By Patrick Newson

Small farming is, and always has been, a community endeavor, especially in this area. Eugene boasts one of the oldest continual farmers markets in the country. To sustain our local food network, however, we rely on a consistent renewal of people to supply the produce and energetic innovation and dedication to do so sustainably. Dan and Shelley Schuler, who own and operate Moondog’s Farm in Marcola, are just two of the people pushing for adopting processes and practices of sustainability, but the impact they have in this food network is far greater than the sum of their parts.

Established in 2018, Moondog’s has been in a regular state of reinvention and development. Executing their well-laid plans for sustainability has not been a rapid or simple endeavor, especially because a major part of the operation involves cultivating fruit trees like apples, peaches, and Asian pears — crops that take a half-decade or longer to see any return on investment. Moondog’s pairs its dedication to organic, “intimate cultivation,” as Shelley describes it, with cover-cropping, conservation tillage, and the use of minimal plastic. But one of the most unique decisions the Schulers have made to help strengthen the resiliency of the local environment and food system is to “dry farm.”

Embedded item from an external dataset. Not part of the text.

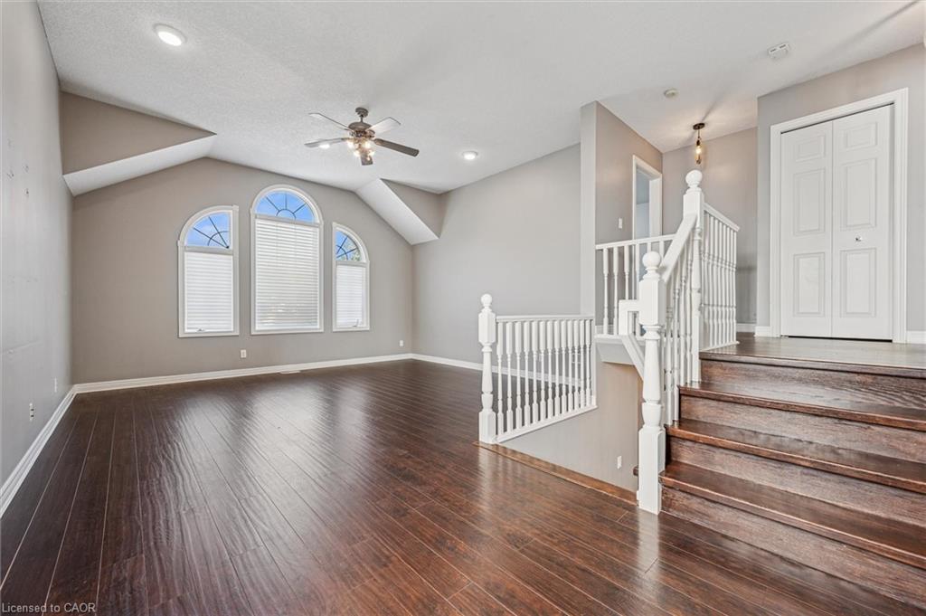 Prime Eastbridge Location The Perfect Family Home with Room to Grow! Welcome to this beautifully maintained home in the heart of Eastbridge, one of Waterloos most desirable family-friendly neighborhoods. Offering plenty of space, comfort, and charm, this home is designed for both everyday living and entertaining. The main floor features a bright, open-concept layout with a spacious living room highlighted by a cozy center fireplace and Palladium windows that flood the space with natural light. The carpet-free design adds a clean, modern touch throughout. The expansive kitchen boasts ample cabinetry, including a full pantry wall, and an adjoining dining area with a walkout to a large deck perfect for family dinners or weekend barbecues. Upstairs, you’ll find a welcoming family room with oversized windows, offering the ideal spot for movie nights or kids playtime. The second floor includes three generous bedrooms, including a primary suite complete with a walk-in closet and a private ensuite bathroom. The basement is mostly finished, offering a spacious recreation room, games area, laundry, and ample storage givingyour family even more room to grow and play. Step outside to enjoy the oversized deck with a charming gazebo, overlooking a large fenced yard

Dry farming conserves existing water resources in the soil and encourages plants to be more self-sufficient. By forgoing irrigation, the plants struggle at first but establish a stronger, more climatically resilient root structure. This leads to typically smaller yields, but the produce has more flavor and better texture. For quality and ecological benefits, dry farming is almost a no-brainer, especially for apples and tomatoes, crops that Moondog’s has specialized in.

The apples, in particular, are a philosophically driven initiative for Dan, who manages the orchards. Right now, he’s cultivating more than 70 different types of apples, and last fall Moondog’s launched an apple CSA to highlight the differences between all the varieties. “Preserving and promoting genetic diversity in our food is really gratifying work,” he says. “We’re looking at the long-term view, where some of the trees we’re cultivating will probably outlive us.” This trajectory also aligns with what Dan calls “personal rhythms,” recognizing that working with trees can be less stressful on the body over the course of a farming career.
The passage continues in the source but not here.